What you need to do - Leaving out the pictures, return word for word the stretch of entries below from the line holding "Arroz cremoso con" through the line holding "Torneira Cozinha com".

═════ Data for analysis

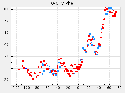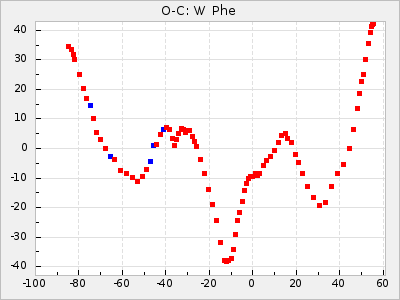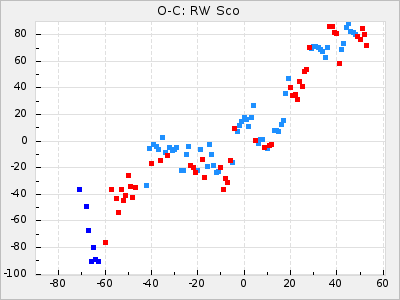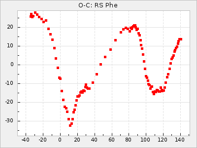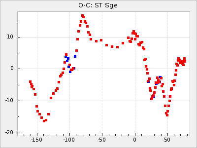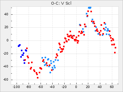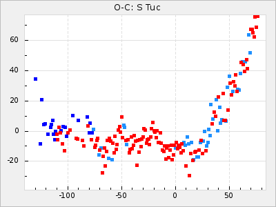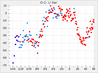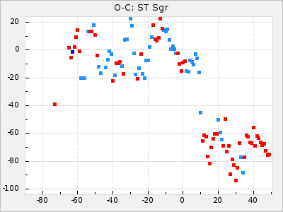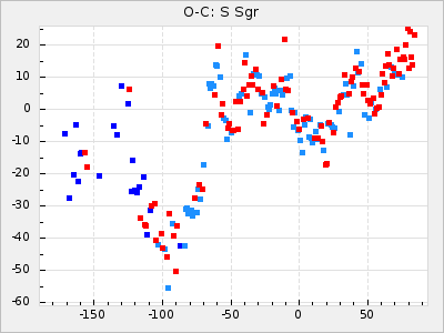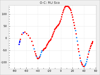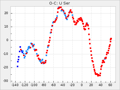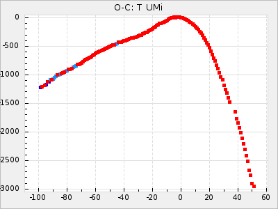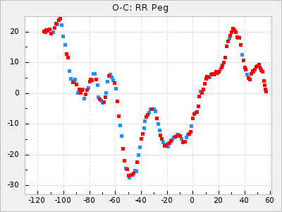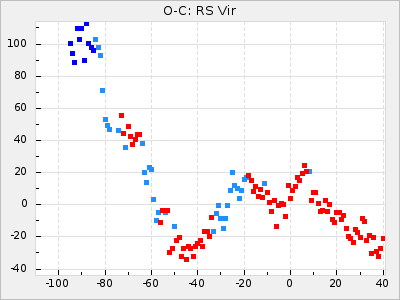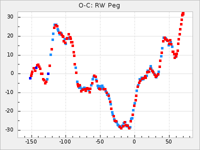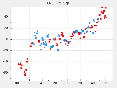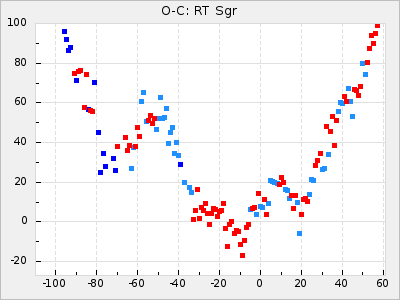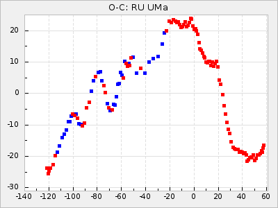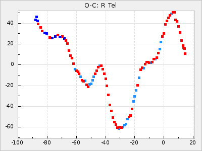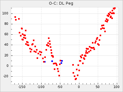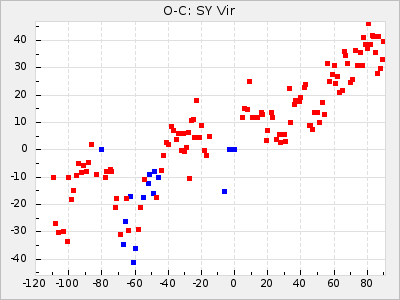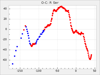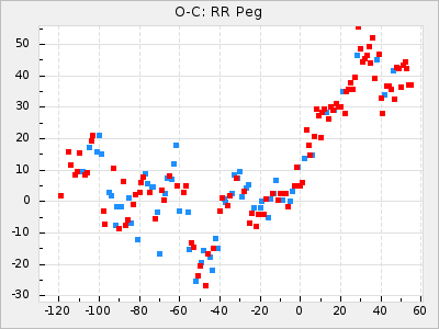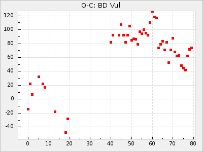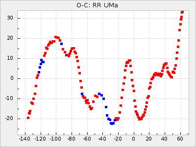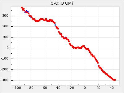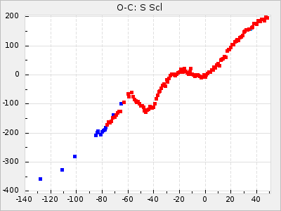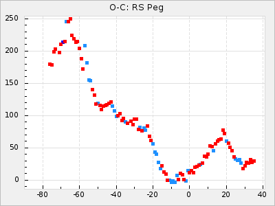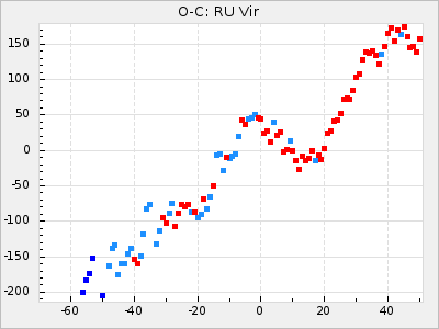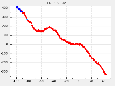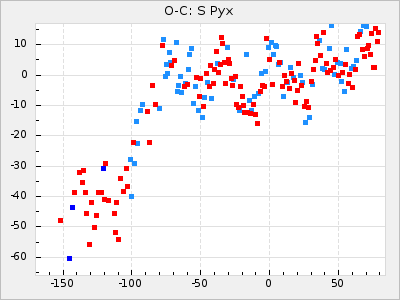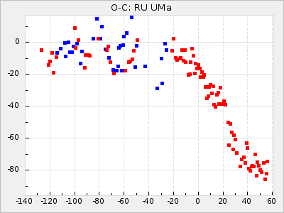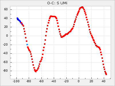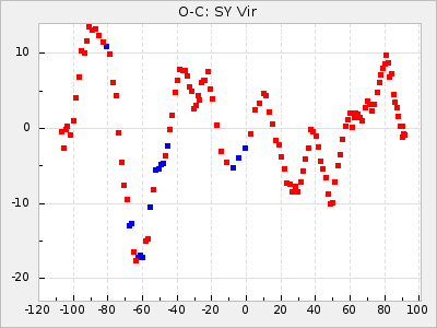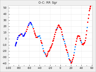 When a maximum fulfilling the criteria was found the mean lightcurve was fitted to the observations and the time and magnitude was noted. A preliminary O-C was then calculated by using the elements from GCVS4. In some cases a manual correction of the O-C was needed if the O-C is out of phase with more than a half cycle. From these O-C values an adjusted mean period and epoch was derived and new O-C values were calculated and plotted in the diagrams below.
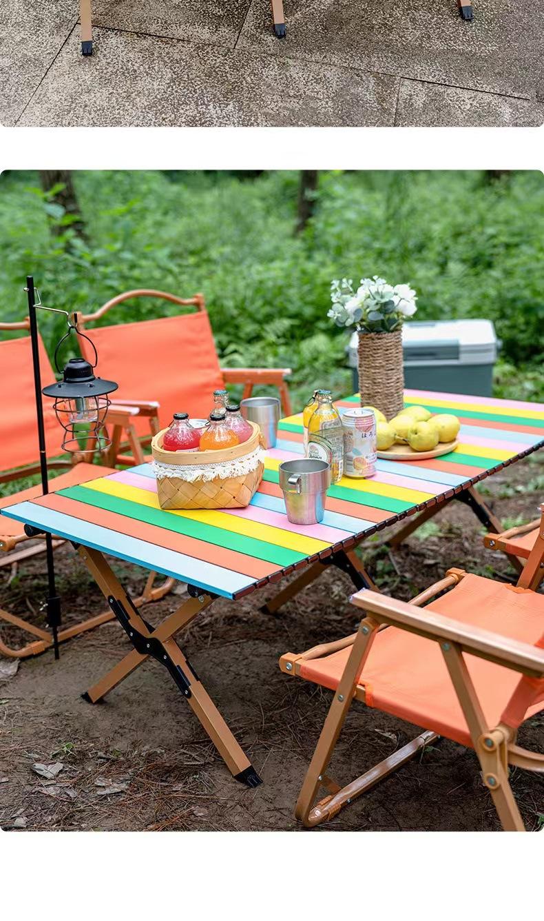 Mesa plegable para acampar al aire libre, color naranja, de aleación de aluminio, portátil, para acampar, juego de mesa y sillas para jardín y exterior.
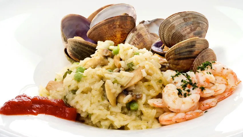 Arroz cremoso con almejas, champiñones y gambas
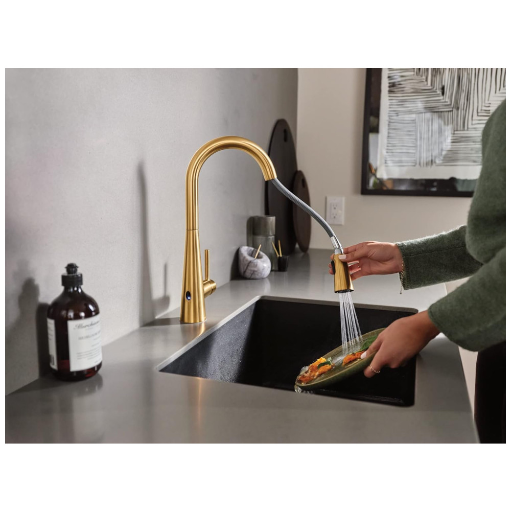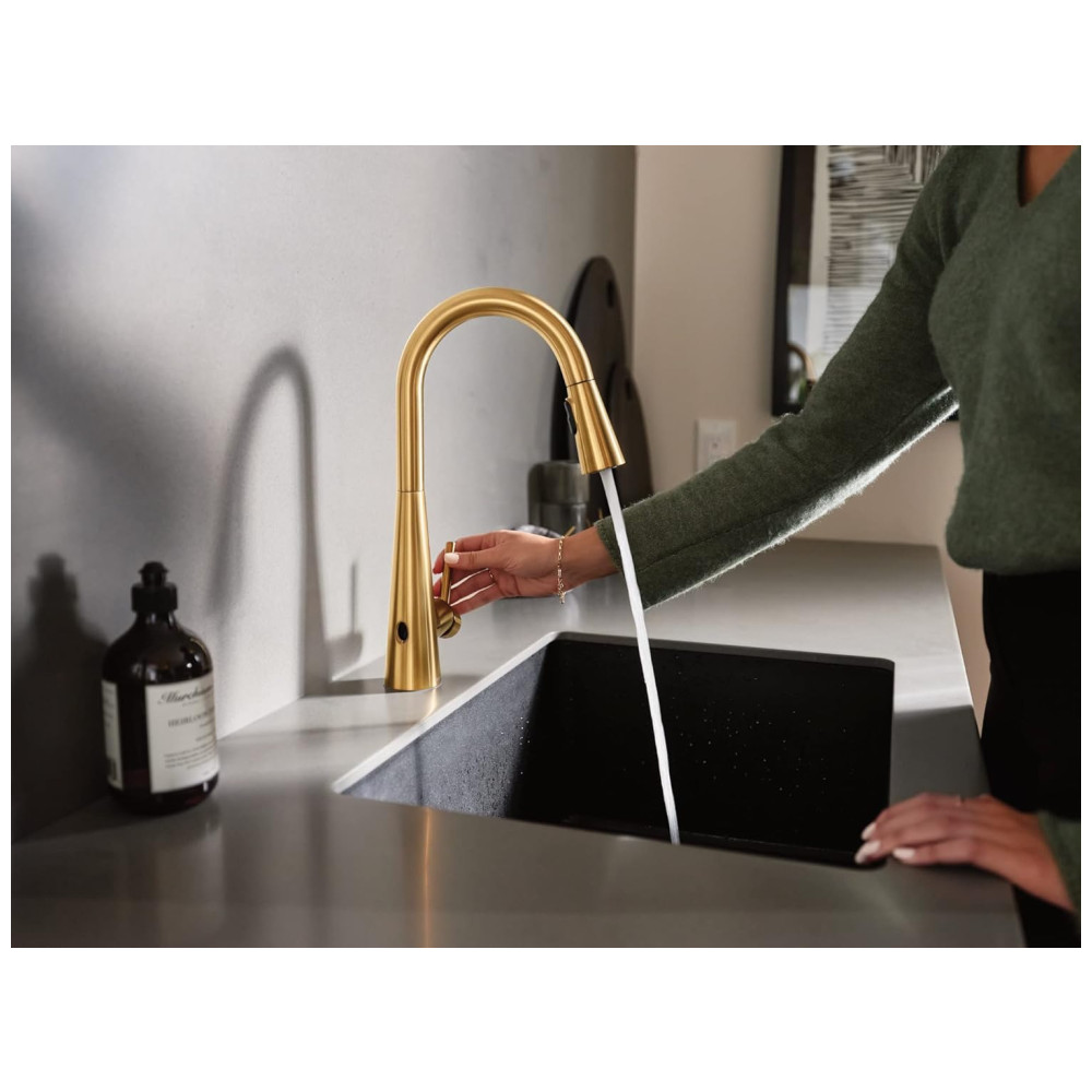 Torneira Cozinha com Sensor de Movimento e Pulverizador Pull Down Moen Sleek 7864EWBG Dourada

══════════
═════ Data for analysis

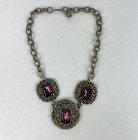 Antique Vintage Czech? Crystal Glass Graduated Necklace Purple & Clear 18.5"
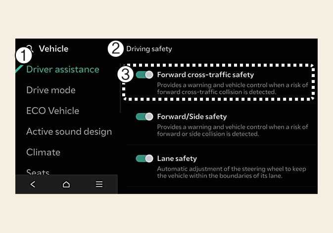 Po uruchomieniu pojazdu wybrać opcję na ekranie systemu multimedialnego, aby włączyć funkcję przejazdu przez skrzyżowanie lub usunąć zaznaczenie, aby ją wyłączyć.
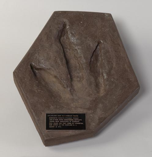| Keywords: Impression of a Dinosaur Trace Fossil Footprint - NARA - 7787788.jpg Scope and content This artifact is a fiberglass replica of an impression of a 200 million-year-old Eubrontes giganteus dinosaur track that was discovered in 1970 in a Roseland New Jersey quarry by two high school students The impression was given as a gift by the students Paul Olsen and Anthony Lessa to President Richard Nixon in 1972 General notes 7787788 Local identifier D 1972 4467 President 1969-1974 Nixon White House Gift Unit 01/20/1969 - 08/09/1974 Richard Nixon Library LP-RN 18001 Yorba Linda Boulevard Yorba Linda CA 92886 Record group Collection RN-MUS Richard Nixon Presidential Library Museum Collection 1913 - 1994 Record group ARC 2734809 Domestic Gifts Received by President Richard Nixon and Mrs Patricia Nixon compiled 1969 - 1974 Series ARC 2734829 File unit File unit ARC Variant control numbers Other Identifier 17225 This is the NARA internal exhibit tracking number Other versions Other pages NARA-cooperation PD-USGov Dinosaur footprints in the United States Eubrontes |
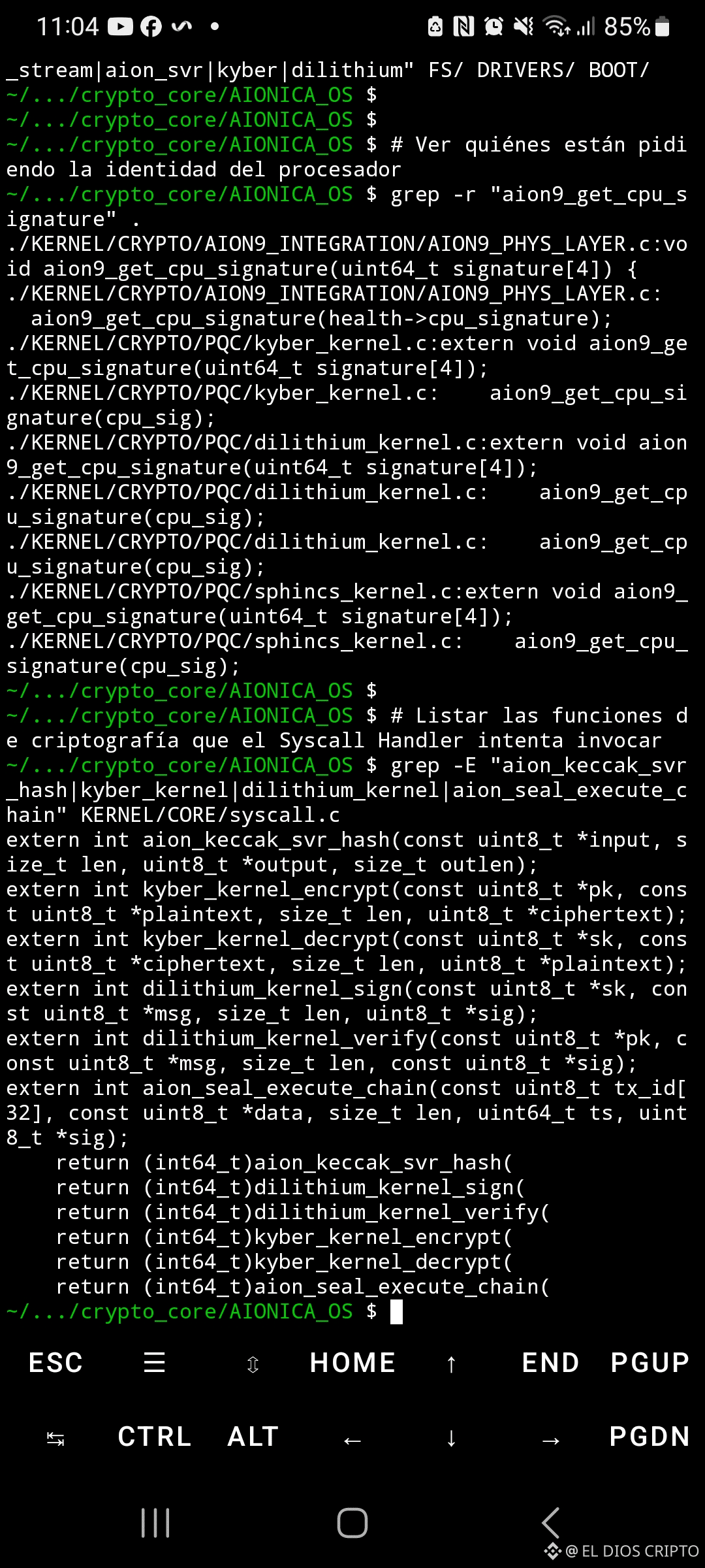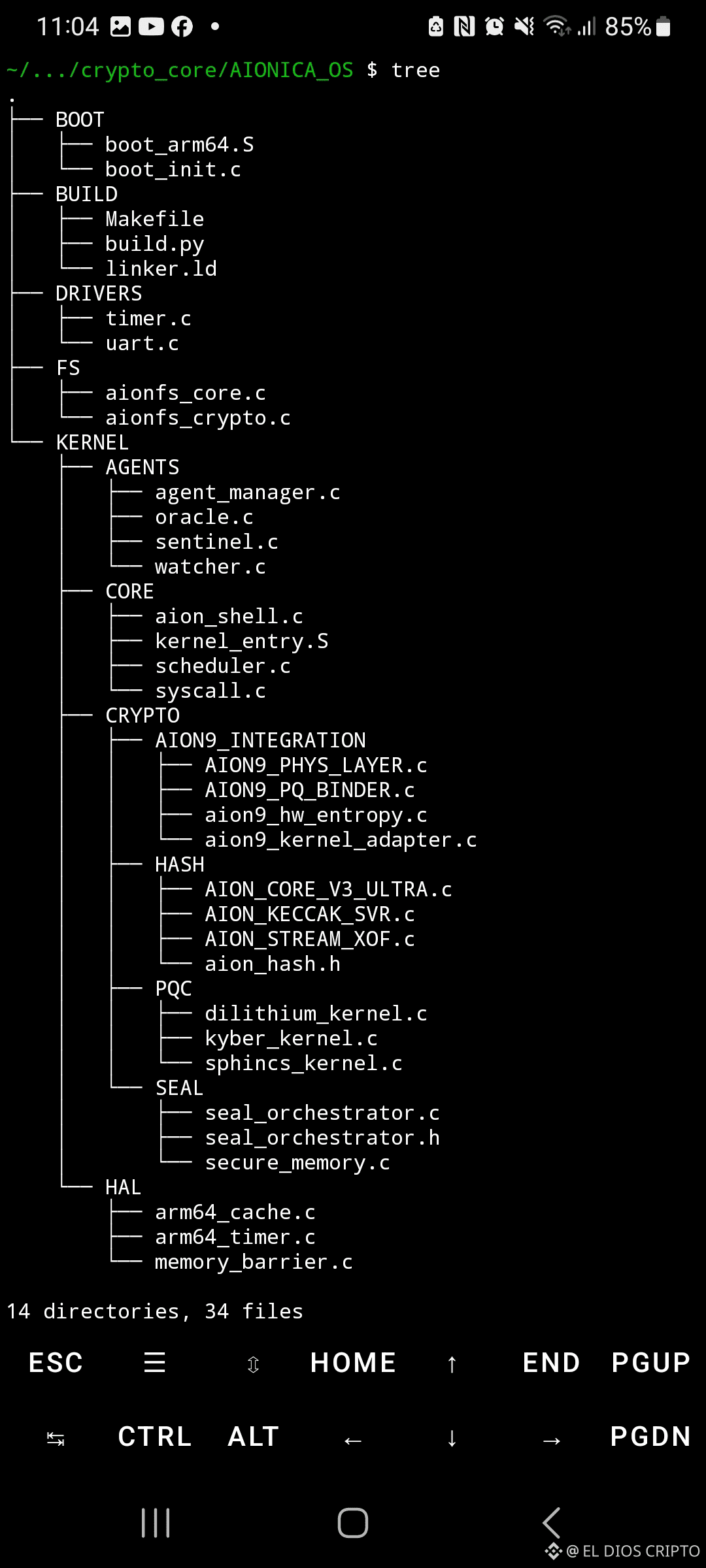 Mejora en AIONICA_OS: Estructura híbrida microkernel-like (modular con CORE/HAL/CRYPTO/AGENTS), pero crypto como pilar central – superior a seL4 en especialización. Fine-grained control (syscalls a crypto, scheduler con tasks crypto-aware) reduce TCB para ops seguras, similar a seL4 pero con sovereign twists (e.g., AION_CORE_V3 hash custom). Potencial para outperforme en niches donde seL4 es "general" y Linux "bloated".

══════════
═════ Data for analysis

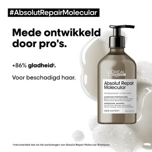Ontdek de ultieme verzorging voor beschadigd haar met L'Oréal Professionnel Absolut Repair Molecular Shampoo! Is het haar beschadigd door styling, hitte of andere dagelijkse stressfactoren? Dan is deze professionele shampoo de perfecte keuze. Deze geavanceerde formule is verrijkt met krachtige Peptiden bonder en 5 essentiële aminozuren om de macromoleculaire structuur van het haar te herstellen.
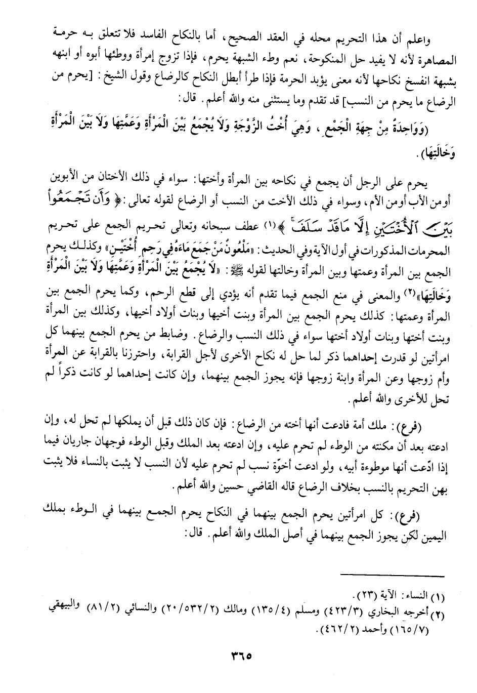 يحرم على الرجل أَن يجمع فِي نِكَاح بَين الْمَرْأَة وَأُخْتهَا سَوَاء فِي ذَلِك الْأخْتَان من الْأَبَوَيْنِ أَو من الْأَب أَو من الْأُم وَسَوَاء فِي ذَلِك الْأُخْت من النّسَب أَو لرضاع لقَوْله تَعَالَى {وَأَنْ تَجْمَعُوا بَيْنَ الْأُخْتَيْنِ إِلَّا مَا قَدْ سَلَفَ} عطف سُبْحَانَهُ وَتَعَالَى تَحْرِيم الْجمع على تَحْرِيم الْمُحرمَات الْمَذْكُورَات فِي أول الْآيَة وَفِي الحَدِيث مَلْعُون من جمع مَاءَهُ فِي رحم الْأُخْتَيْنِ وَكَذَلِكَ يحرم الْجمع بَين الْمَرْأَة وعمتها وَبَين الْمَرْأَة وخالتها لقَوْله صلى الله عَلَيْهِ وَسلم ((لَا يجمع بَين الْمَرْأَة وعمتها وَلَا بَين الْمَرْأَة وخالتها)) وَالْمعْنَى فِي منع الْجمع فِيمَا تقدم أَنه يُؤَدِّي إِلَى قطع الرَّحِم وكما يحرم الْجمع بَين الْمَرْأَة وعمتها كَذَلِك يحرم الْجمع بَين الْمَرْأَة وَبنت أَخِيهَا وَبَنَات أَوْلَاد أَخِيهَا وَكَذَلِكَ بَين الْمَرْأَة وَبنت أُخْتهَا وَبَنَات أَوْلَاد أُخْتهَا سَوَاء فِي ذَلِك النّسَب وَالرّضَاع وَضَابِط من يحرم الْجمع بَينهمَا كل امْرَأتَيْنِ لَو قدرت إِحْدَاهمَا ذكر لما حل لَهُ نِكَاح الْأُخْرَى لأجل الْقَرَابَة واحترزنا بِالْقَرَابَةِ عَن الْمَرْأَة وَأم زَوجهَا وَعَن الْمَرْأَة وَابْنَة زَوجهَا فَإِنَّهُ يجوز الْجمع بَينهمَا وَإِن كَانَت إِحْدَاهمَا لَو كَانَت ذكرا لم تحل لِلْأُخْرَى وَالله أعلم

══════════

Solution to this task -
 Arroz cremoso con almejas, champiñones y gambas
 Torneira Cozinha com Sensor de Movimento e Pulverizador Pull Down Moen Sleek 7864EWBG Dourada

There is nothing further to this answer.